# Two new wines just started



## Wade E (Sep 23, 2006)

Just started a Vintners Harvest Marionberry wine and a grape juice
wine. The grape is a 1 gal. that the local store had on sale so I said
the heck with it, lets ferment it. The other a Vintners Harvest wine
base which I thought the flavor was a little weak on so I threw in 1
gal. of blueberry juice to make it a 6 gal. batch. Vintners Harvest has
discontinued the Black Currant which I made before and loved so I went
to buy more when I discovered it had been discontinued.

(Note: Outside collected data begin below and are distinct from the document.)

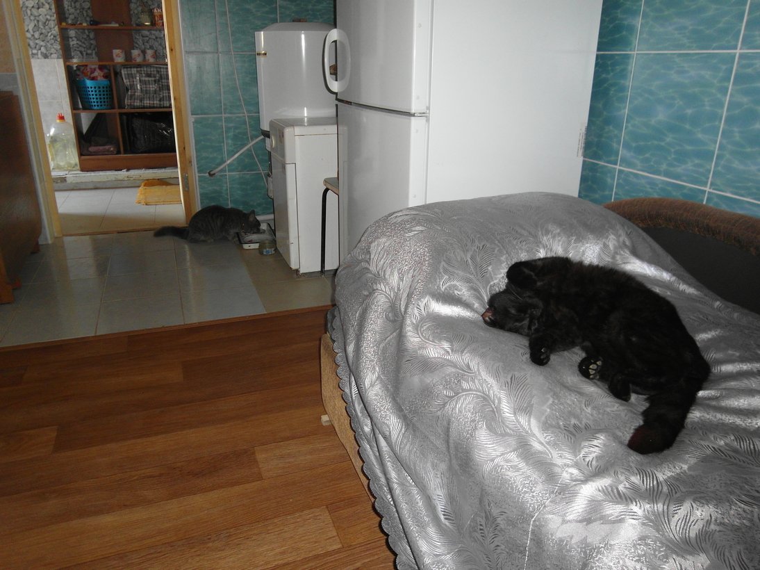 Белым отображение то что не менялось, черным - найденные изменения (порог определения 10см), такие как рука и шевелящийся кот (опорный кадр уже с котом иначе он был бы виден полостью как рука). Мелкие точки по контуру это "шум"-значения подсчитанных расстояний "скачут".Часть отфильтрована этим порогом в 10см. Оставшиеся надо будет отфильтровывать по размеру. Повышать порог плохой вариант, в случаях когда кот идет вдоль стенки.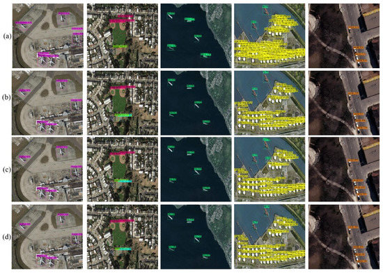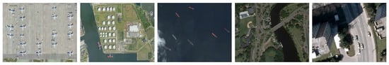 The dataset is named SD-RSI, and the original image and annotation is available at https://drive.google.com/drive/rs-drive (accessed on 5 December 2022). The specific target categories include airplane, ship, bridge, vehicle, storage tank (ST), baseball diamond (BD), and tennis court (TC), which contain 10,550 instance samples, 7558 targets are used as the train dataset, and 2992 targets are used as test dataset. The train samples are separately rotated with the angle of , which extend the number of train samples by 40 times. In addition, according to the criterion, the collected optical remote sensing images are divided into four classes (i.e. small target: area < m; medium target: m < area < m; Large target: area > m) for split the target size, the target data distribution is shown in Table 1. Compared with the existing dataset NWPU VHR-10 [] and AID [] dataset, the constructed dataset mainly focuses on small size and medium size targets, and the target distribution is denser.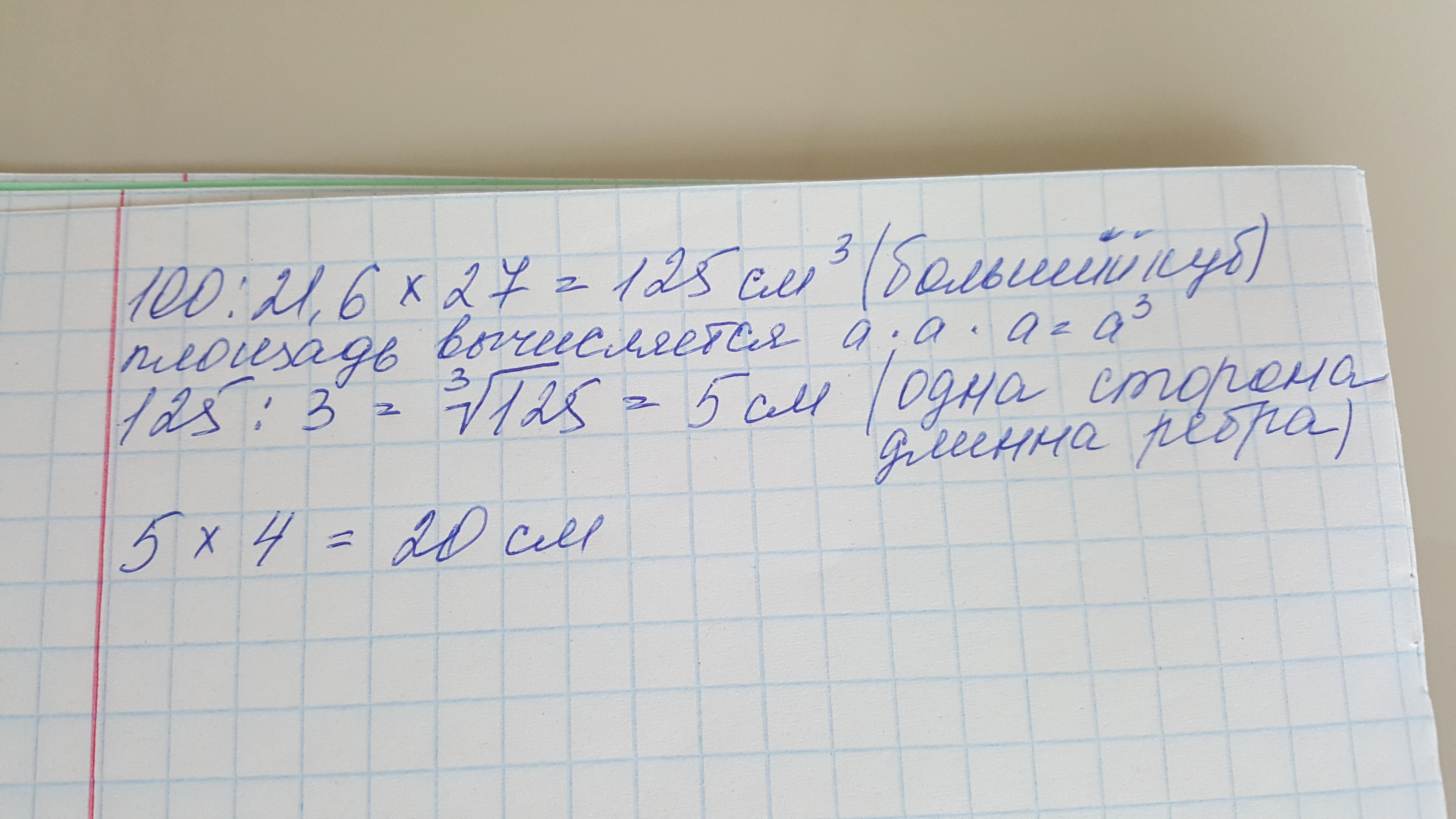 (27*100)÷21,6=125 см 5*5*5=125 см 5*4 20 см
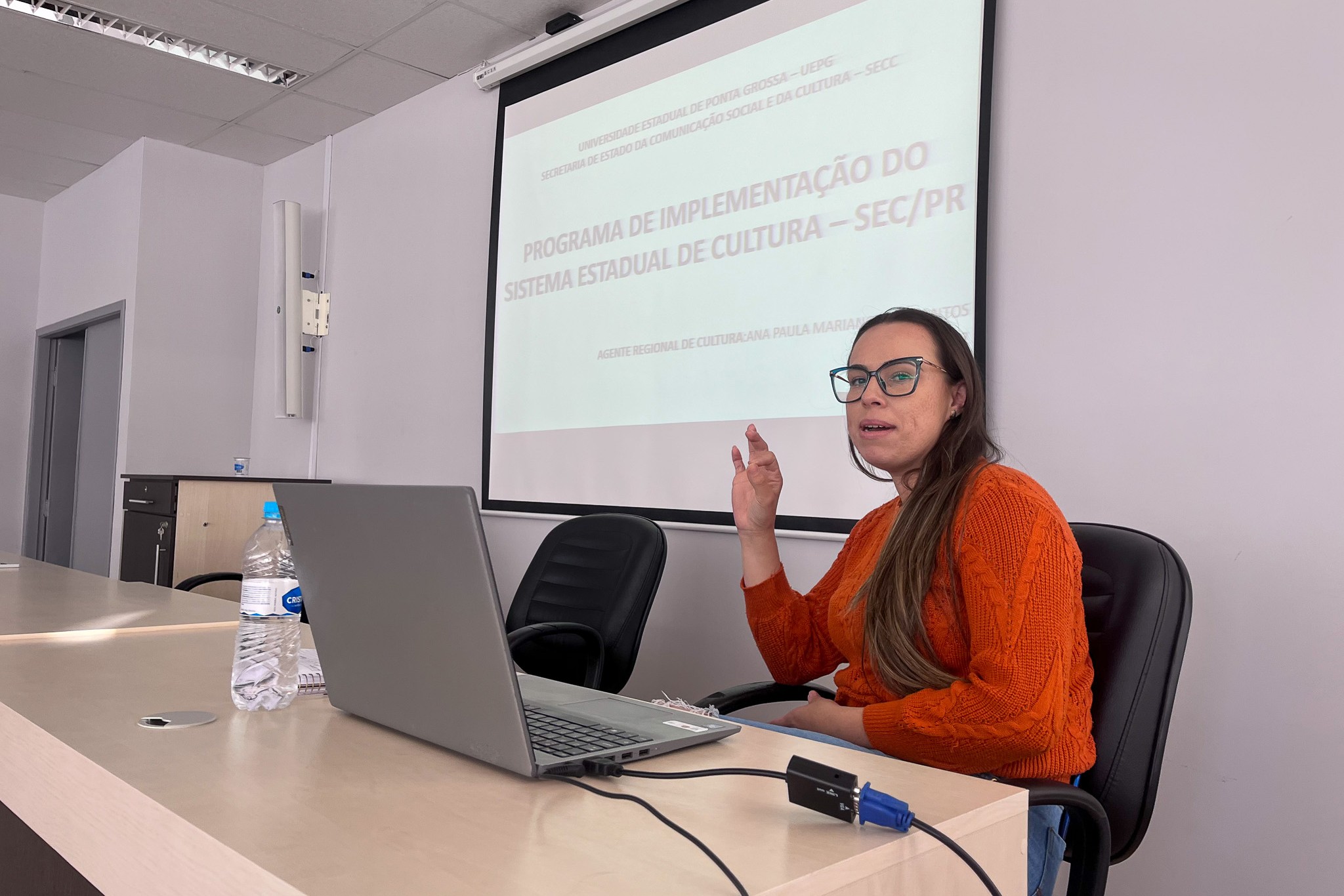Agentes culturais de Cianorte e gestores da Secretaria Municipal de Cultura reuniram-se, na tarde dessa sexta-feira (23), no Paço Municipal, para conhecerem o Programa de Implementação do Sistema Estadual de Cultura (SEC-PR). O modelo, que busca organizar e preparar os envolvidos no segmento para que se tornem aptos a receberem diferentes formas de recursos, tanto estaduais, quanto federais, foi apresentado pela agente regional de Cultura do Estado, Ana Paula Mariano dos Santos.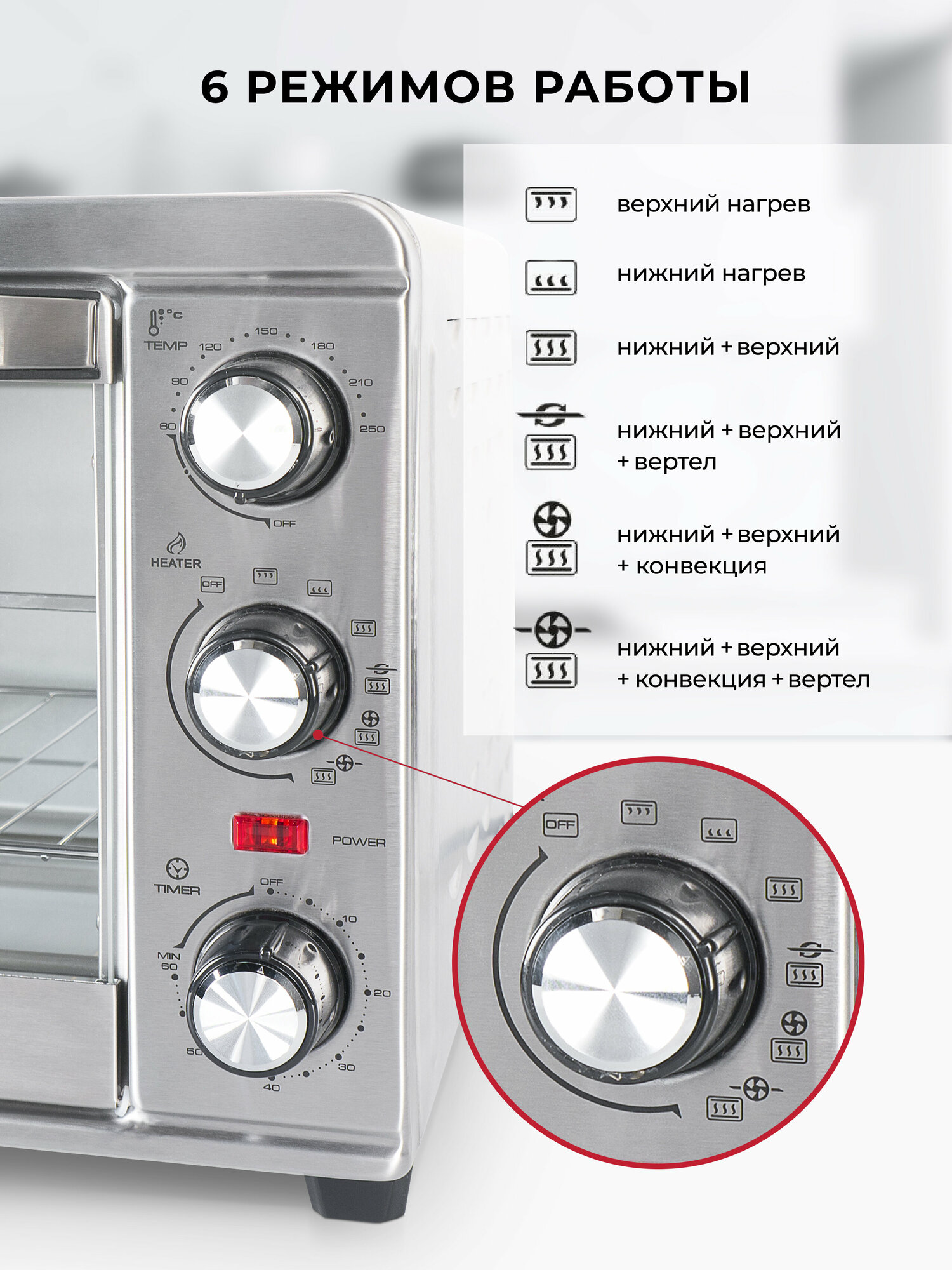 Мини-печь GURMAN GR-HL630, 63л, 2200Вт.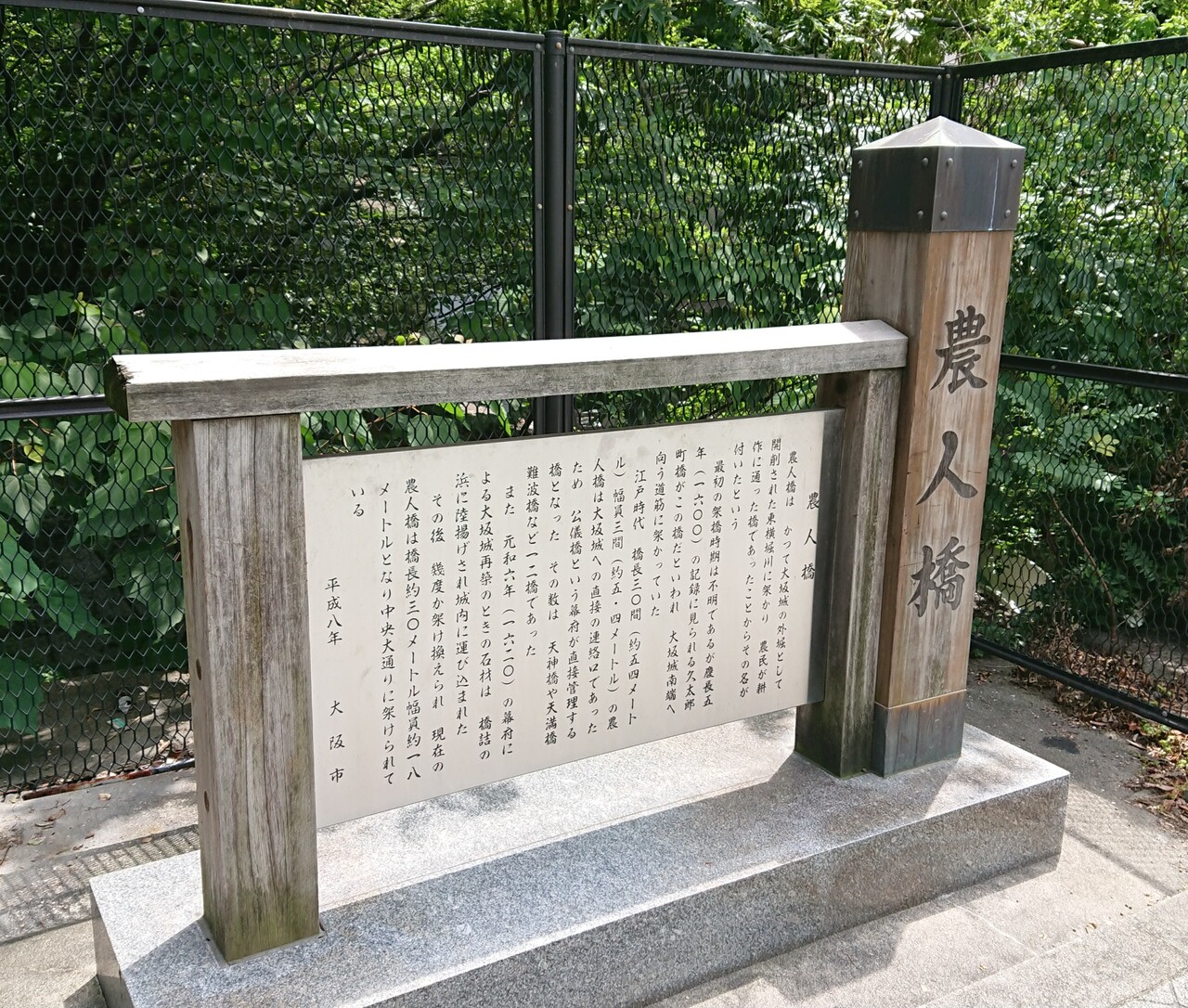 堺筋本町から大阪城へ向かう途中の東横堀川にかかる橋です、名前の由来は農民が耕作時に使っていたからだそうで、その後重要な橋として江戸幕府の公儀橋として管理されてきた橋だそうです、現在は橋の長さは30メートルほどで車がたくさん通っている橋です、何気なく通りすぎてしまいそうな歴史ある橋です。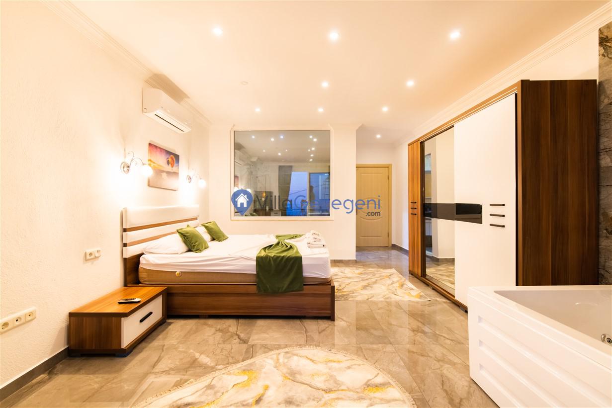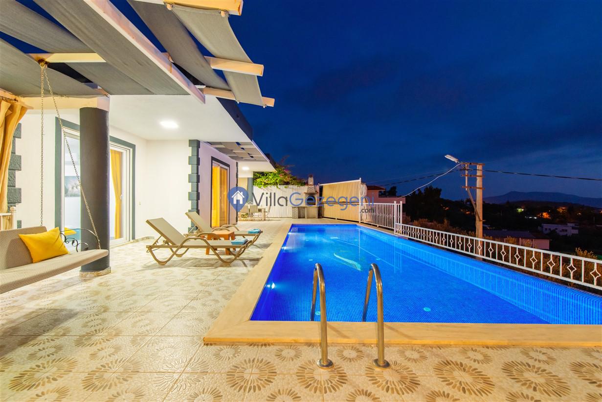 Villamızın genel konsept ve özelliklerinden tekrar bahsedecek olursak; villamızın 1 adet müstakil özel havuzu bulunmaktadır. Ferah bir bahçeye sahip olan villamız rahatlığı ön planda tutan 3 adet yatak odası, 4 yatak, 3 banyo, büyük bir mutfak ve 6 kişinin rahatlıkla oturabileceği koltuklara sahip büyük salonu bulunmaktadır.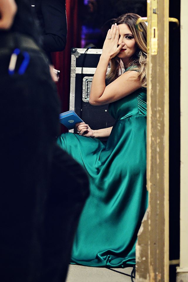 Prezentatoarea TV este o prezență extrem de activă, iar în această seară a postat pe o pagină de socializare o fotografie de la Ateneul Român, unde a îmbrăcat o rochie verde, care îi scoate în evidență burtica.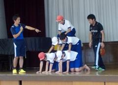5年生・6年生は、今日は外での「表現運動」の練習を中心に行いました。特に、いろいろなバリエーションの「クイックピラミッド」を念入りに行いました。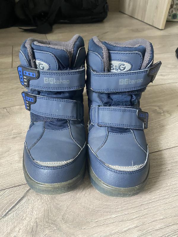 Теплі і якісні черевики для хлопчика, нога завжди в теплі і суха, зручні, навіть для високого підйому. З дефектів усе видно на фото, лише з внутрішньої сторони є невеличкі потертості та тріщини в одному місці, вони не наскрізні, взуття ціле, це потріскалося верхнє покриття, скоріше всього від тертя. В носці зовсім не помітно, бо це внутрішній бік.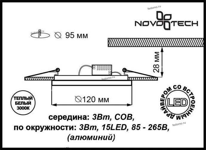 Точечный светильник встроенный 357350 из серии GESSO от компании Novotech удачно впишется в интерьер кафе, кухни, оформленных в стиле минимализм. Светодиодный светильник имеет 1 плафон и 15 светодиодов напряжением 220V, цветовой температурой 3000К и теплое белое свечение. Светильник устанавливается на распорную пружину. Основной цвет и материал арматуры - белый металл. В комплекте лампочки, драйвер. Габариты модели: диаметр - 120 мм. Лучшая цена и условия доставки на Novotech 357350 в интернет-магазине Fedomo.ru.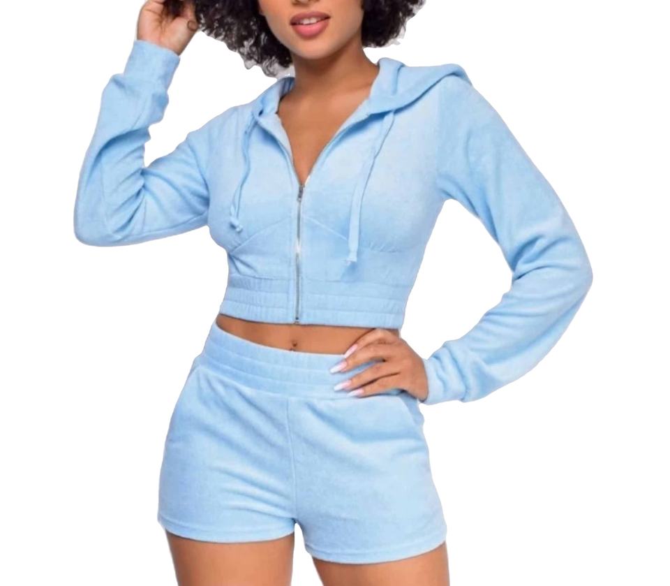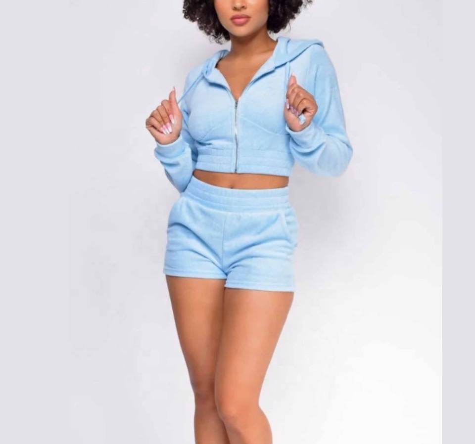 ชุดเซ็ตฮู้ดดี้ครอปซิปและกางเกงขาสั้นสำหรับผู้หญิง ดีไซน์ใหม่ แบบสั่งทำได้ OEM เสื้อท่อนบนแบบดิสเทรสสีพื้น และกางเกงขาสั้นตะเข็บต่ำ OEM ชุดเซ็ตผ้าฝ้าย 100%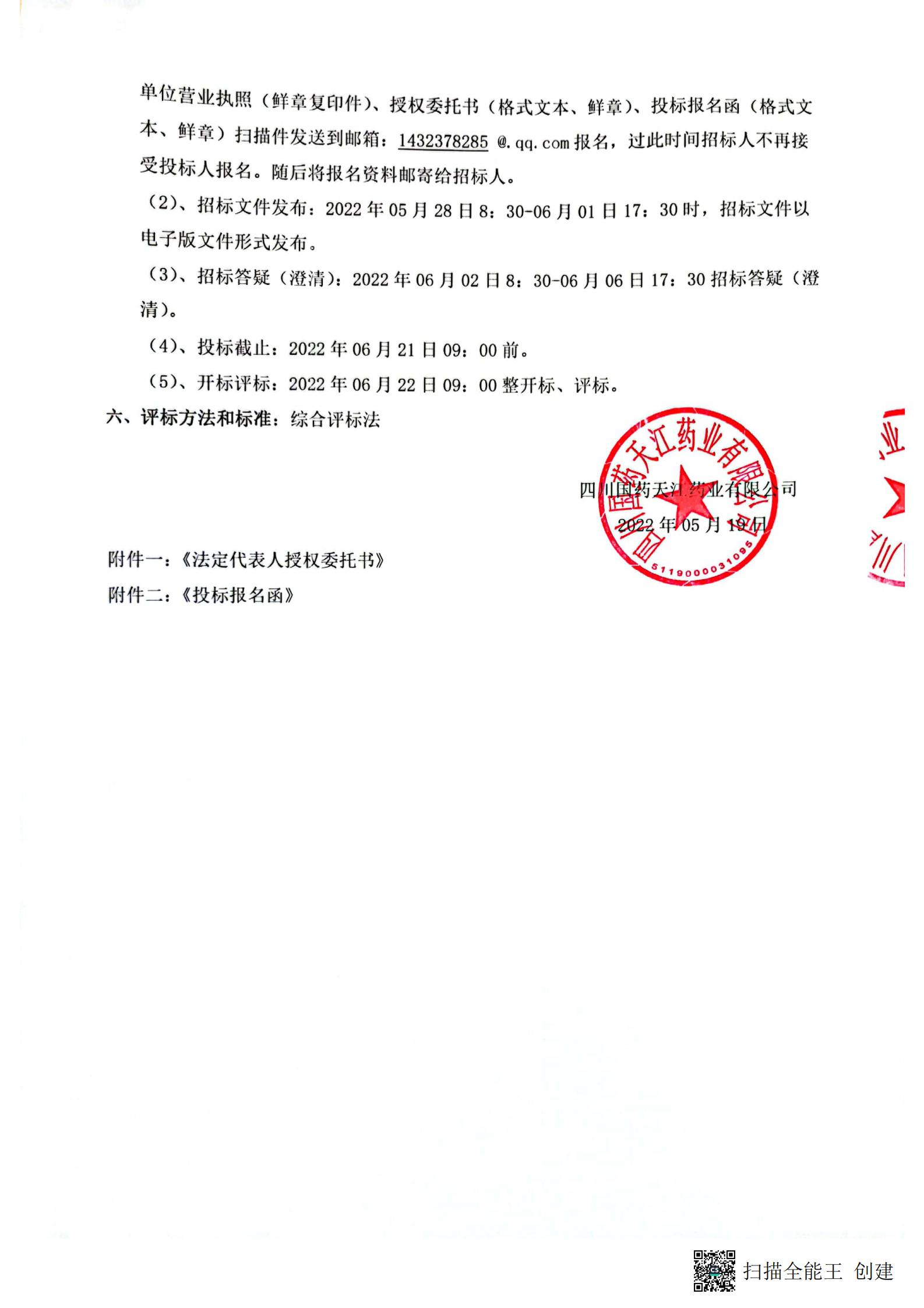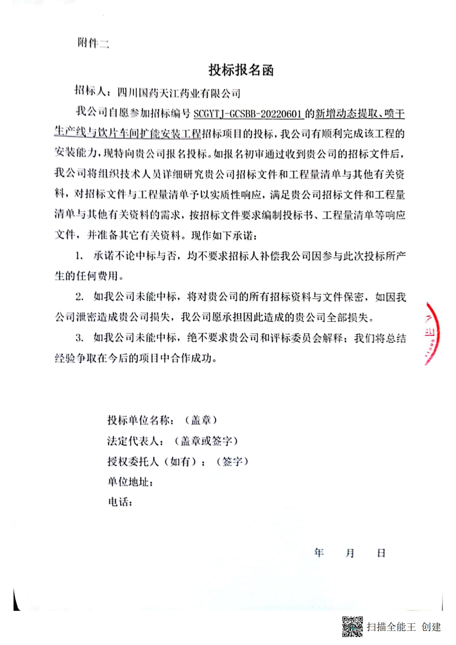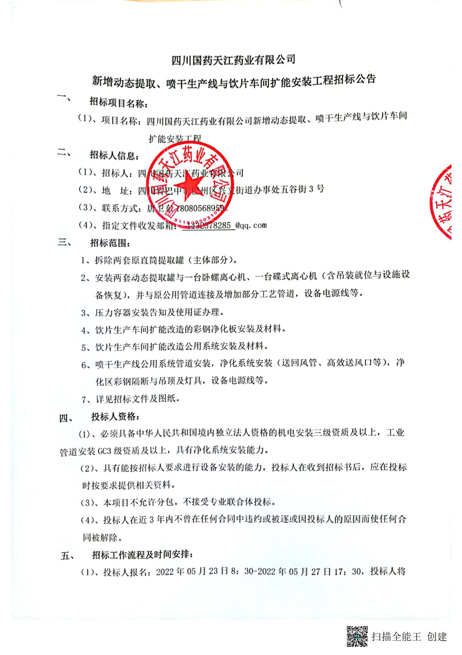 四川国药天江药业有限公司 新增动态提取、喷干生产线与饮片车间扩能安装工程 招标公告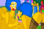 Terwijl Homer Marge van achter neukt steekt Marge een dildo in de natte kut van haar vriendin en beft haar tegelijk, dan stopt Homer zijn dikke lul in de anus van Marg

Also the cranberries are finally back in season! How many lbs. do I need to make a 6 gal. batch anyone.


----------



## jobe05 (Sep 23, 2006)

I would say 2 pounds per gallon. I used 3 pounds per gallon last year, although good, it's tarte, kinda makes ya pucker. I'd stick with 2 pounds next time.


----------



## Wade E (Sep 23, 2006)

Thanks jobe. Looks like I'll have three new wines going very soon.


----------



## jobe05 (Sep 23, 2006)

Wade, I forgot to add that I sweetened mine back with a couple (3) cans of Welches frozen cranberry concentrate. Also ground up a few whole oranges in the food processor along with the cranberries, and a hand full of raisons for body. It was an early drinker after just a couple of months.


----------



## Wade E (Sep 23, 2006)

Oranges huh, not a bad idea jobe.


----------



## linda0210 (Sep 30, 2006)

Jobe, wa that for a 6 gallon batch? What was the SG when you finished?


----------